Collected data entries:

= = = = =

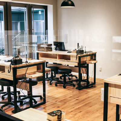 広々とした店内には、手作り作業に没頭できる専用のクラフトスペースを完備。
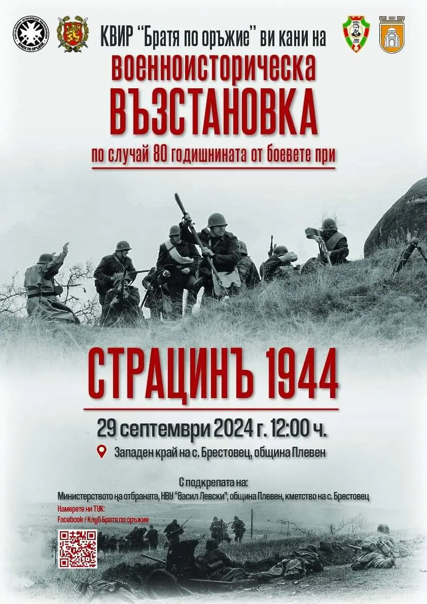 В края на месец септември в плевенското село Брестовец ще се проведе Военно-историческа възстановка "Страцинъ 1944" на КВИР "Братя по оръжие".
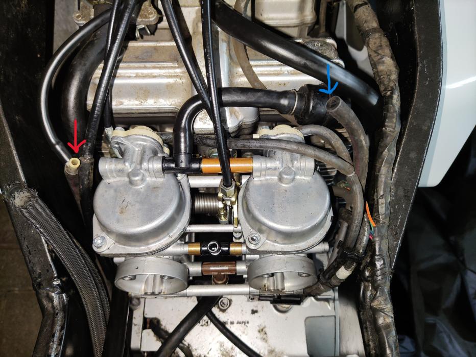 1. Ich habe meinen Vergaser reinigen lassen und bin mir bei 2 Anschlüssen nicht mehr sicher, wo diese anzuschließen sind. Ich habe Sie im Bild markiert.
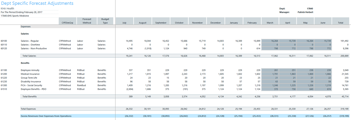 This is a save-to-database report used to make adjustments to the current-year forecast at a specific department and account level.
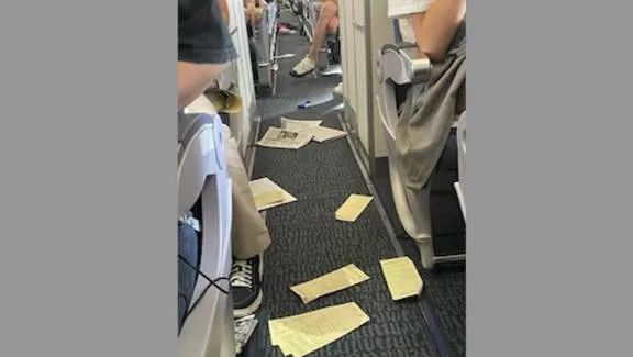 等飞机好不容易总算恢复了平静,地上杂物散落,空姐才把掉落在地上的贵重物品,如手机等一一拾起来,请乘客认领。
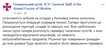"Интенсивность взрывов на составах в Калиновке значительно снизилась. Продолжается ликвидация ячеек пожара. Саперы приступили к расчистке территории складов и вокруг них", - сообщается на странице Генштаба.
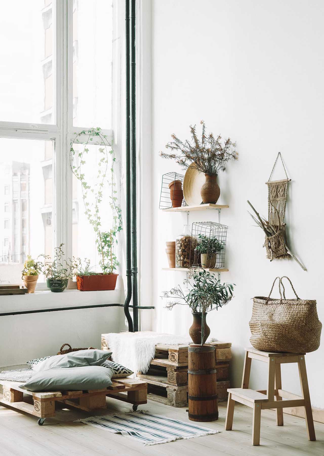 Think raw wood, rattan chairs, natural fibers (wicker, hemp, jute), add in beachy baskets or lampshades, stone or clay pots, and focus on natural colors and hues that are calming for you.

= = = = =

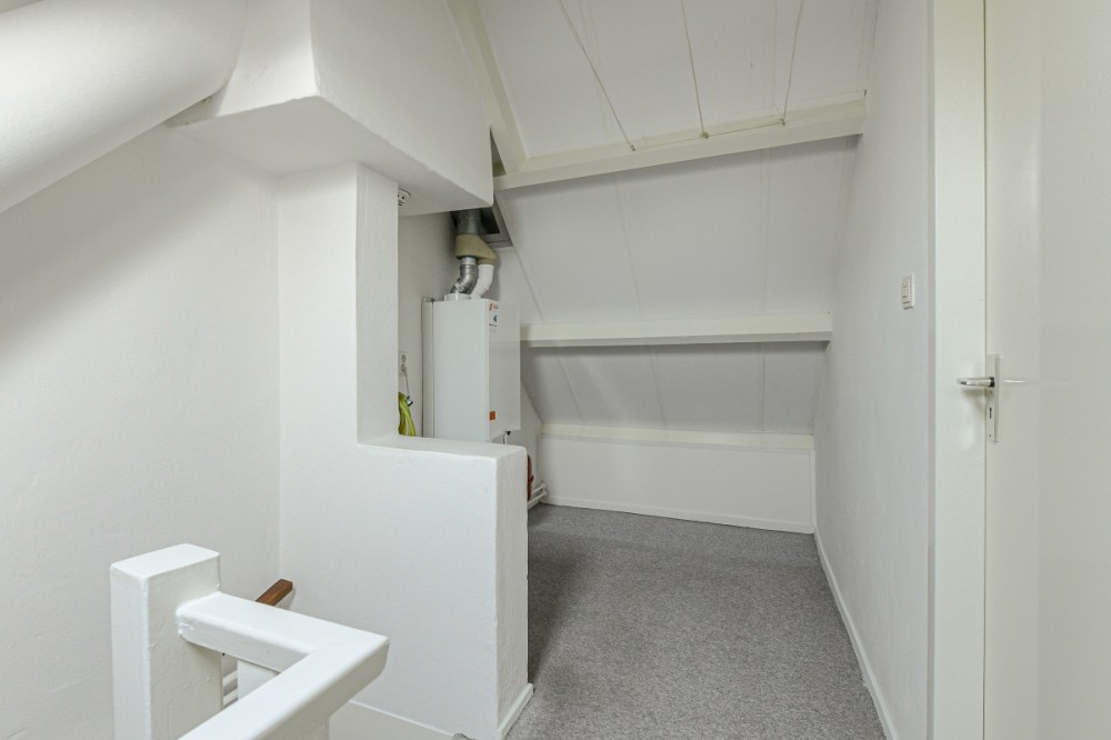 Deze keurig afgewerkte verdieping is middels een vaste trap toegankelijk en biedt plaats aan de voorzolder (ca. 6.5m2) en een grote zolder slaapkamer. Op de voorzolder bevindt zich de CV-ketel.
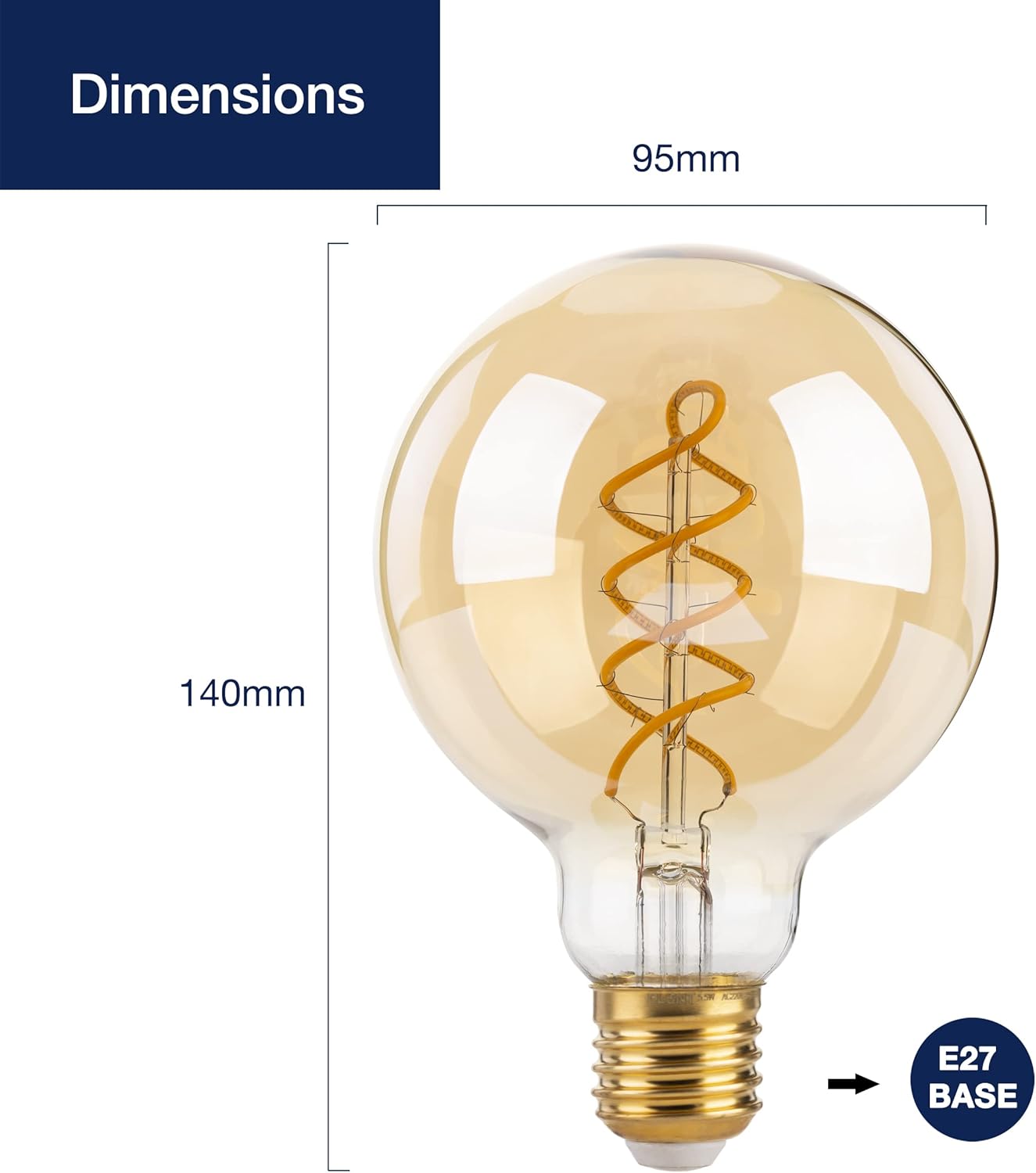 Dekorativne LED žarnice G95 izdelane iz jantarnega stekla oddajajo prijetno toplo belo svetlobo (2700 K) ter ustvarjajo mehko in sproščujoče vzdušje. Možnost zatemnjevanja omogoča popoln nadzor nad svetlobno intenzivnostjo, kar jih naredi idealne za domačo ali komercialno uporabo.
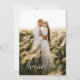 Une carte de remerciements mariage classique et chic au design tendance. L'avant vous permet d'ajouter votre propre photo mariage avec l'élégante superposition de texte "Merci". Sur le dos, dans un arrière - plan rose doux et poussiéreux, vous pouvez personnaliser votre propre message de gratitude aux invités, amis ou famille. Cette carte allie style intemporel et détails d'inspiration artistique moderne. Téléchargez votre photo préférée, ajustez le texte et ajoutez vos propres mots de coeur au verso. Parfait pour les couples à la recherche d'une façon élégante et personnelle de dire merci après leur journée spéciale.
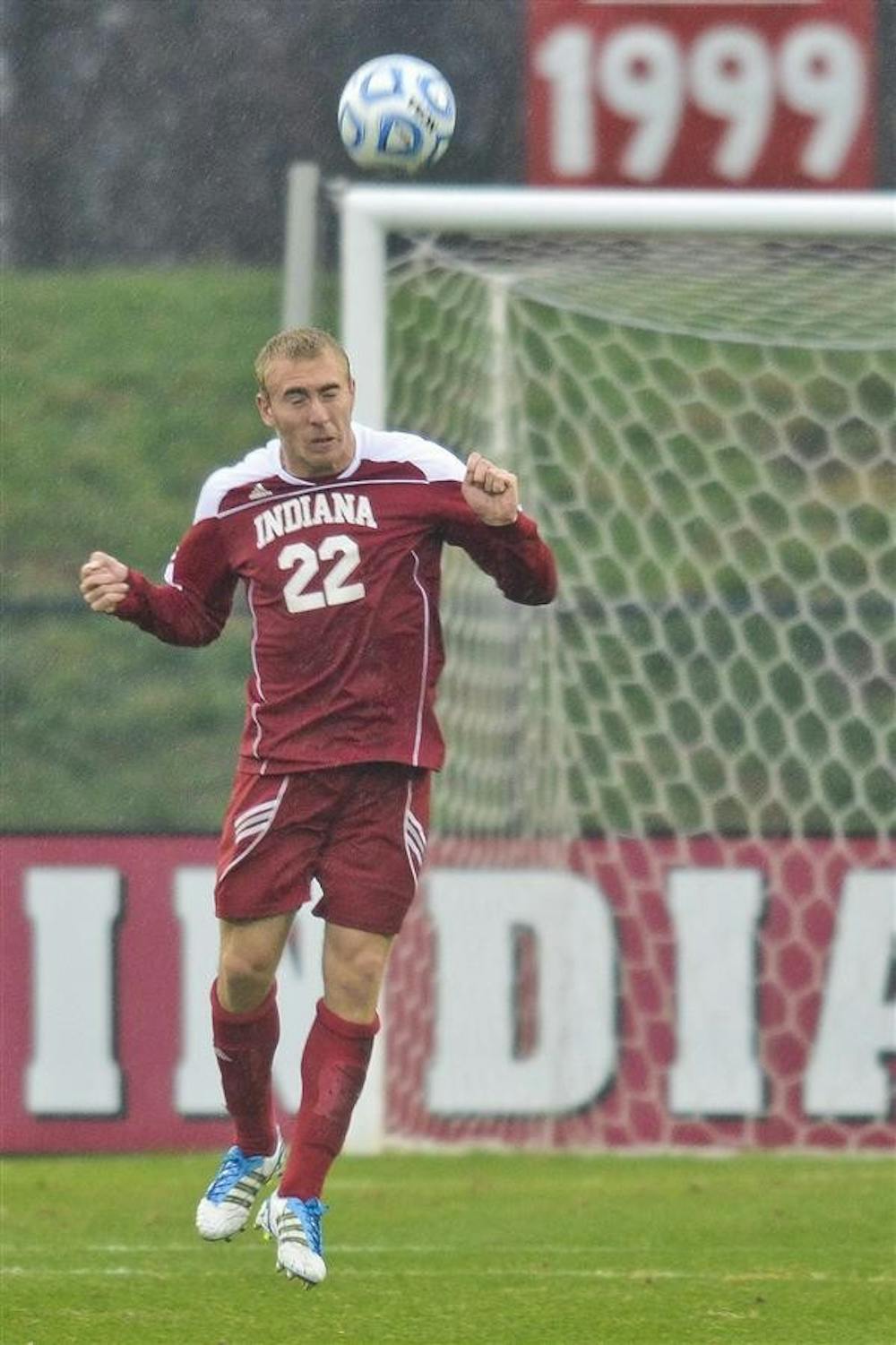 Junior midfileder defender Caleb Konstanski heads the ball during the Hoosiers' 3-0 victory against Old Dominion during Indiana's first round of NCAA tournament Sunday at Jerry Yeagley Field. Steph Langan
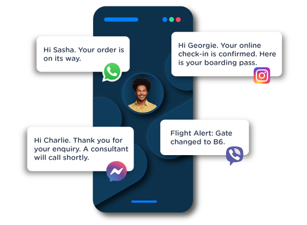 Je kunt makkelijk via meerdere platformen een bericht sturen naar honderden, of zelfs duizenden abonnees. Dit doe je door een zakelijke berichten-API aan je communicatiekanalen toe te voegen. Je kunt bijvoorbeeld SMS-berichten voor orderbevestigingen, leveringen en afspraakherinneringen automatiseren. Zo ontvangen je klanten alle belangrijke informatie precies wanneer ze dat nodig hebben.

= = = = =

■ Action item: Look above for the line with "на странице Генштаба." and the line with "Think raw wood, rattan", then restate exactly those two lines and all lines between them, with no pictures.

■ Result of the exercise:
"Интенсивность взрывов на составах в Калиновке значительно снизилась. Продолжается ликвидация ячеек пожара. Саперы приступили к расчистке территории складов и вокруг них", - сообщается на странице Генштаба.
 Think raw wood, rattan chairs, natural fibers (wicker, hemp, jute), add in beachy baskets or lampshades, stone or clay pots, and focus on natural colors and hues that are calming for you.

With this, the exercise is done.